# 1983 AIME Problems/Problem 12

## Problem

Diameter $AB$ of a circle has length a $2$-digit integer (base ten). Reversing the digits gives the length of the perpendicular chord $CD$. The distance from their intersection point $H$ to the center $O$ is a positive rational number. Determine the length of $AB$. $[asy] draw(circle((0,0),4)); draw((-4,0)--(4,0)); draw((-2,-2*sqrt(3))--(-2,2*sqrt(3))); draw((-2.6,0)--(-2.6,0.6)); draw((-2,0.6)--(-2.6,0.6)); dot((0,0)); dot((-2,0)); dot((4,0)); dot((-4,0)); dot((-2,2*sqrt(3))); dot((-2,-2*sqrt(3))); label("A",(-4,0),W); label("B",(4,0),E); label("C",(-2,2*sqrt(3)),NW); label("D",(-2,-2*sqrt(3)),SW); label("H",(-4,0),SE); label("O",(0,0),NE);[/asy]$

## Solution

Let $AB=10x+y$ and $CD=10y+x$. It follows that $CO=\frac{AB}{2}=\frac{10x+y}{2}$ and $CH=\frac{CD}{2}=\frac{10y+x}{2}$. Scale up this triangle by 2 to ease the arithmetic.

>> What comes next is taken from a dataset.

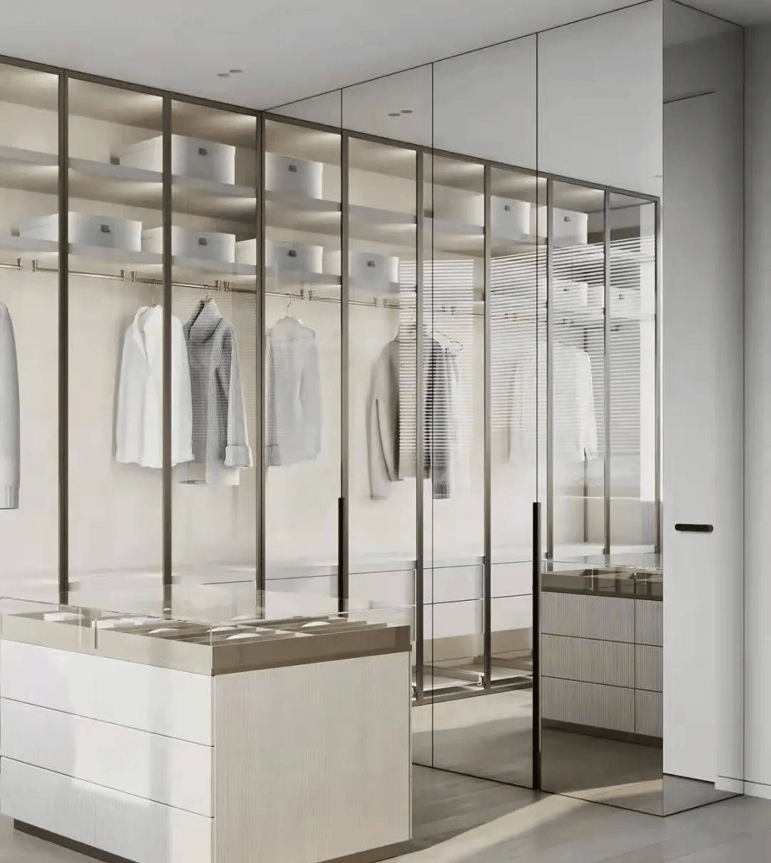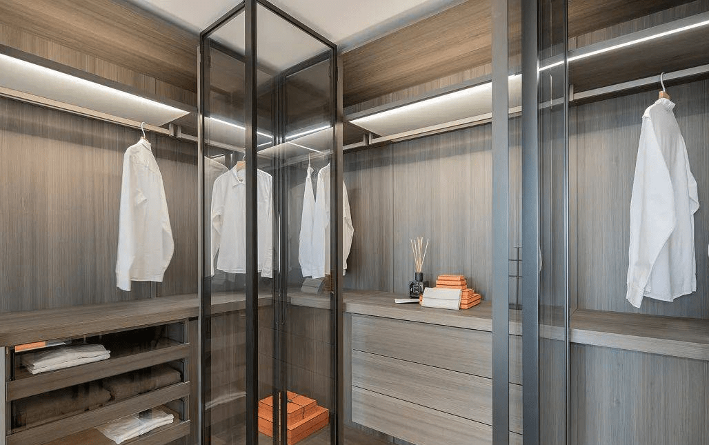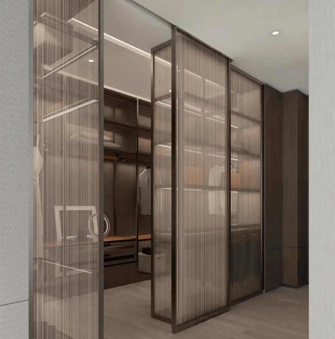 以玻璃為櫃門,將(jiāng)藝術與光影互相滲透,透明的材質貫穿于空間的主線之中,消減了空間的隔閡,予人于輕盈而靈動的觀感。

Applying the Pythagorean Theorem on $2CO$, $2OH$ and $2CH$, we deduce $$(2OH)^2=\left(10x+y\right)^2-\left(10y+x\right)^2=99(x+y)(x-y)$$

Because $OH$ is a positive rational number and $x$ and $y$ are integral, the quantity $99(x+y)(x-y)$ must be a perfect square. Hence either $x-y$ or $x+y$ must be a multiple of $11$, but as $x$ and $y$ are different digits, $1+0=1 \leq x+y \leq 9+9=18$, so the only possible multiple of $11$ is $11$ itself. However, $x-y$ cannot be 11, because both must be digits. Therefore, $x+y$ must equal $11$ and $x-y$ must be a perfect square. The only pair $(x,y)$ that satisfies this condition is $(6,5)$, so our answer is $\boxed{065}$. (Therefore $CD = 56$ and $OH = \frac{33}{2}$.)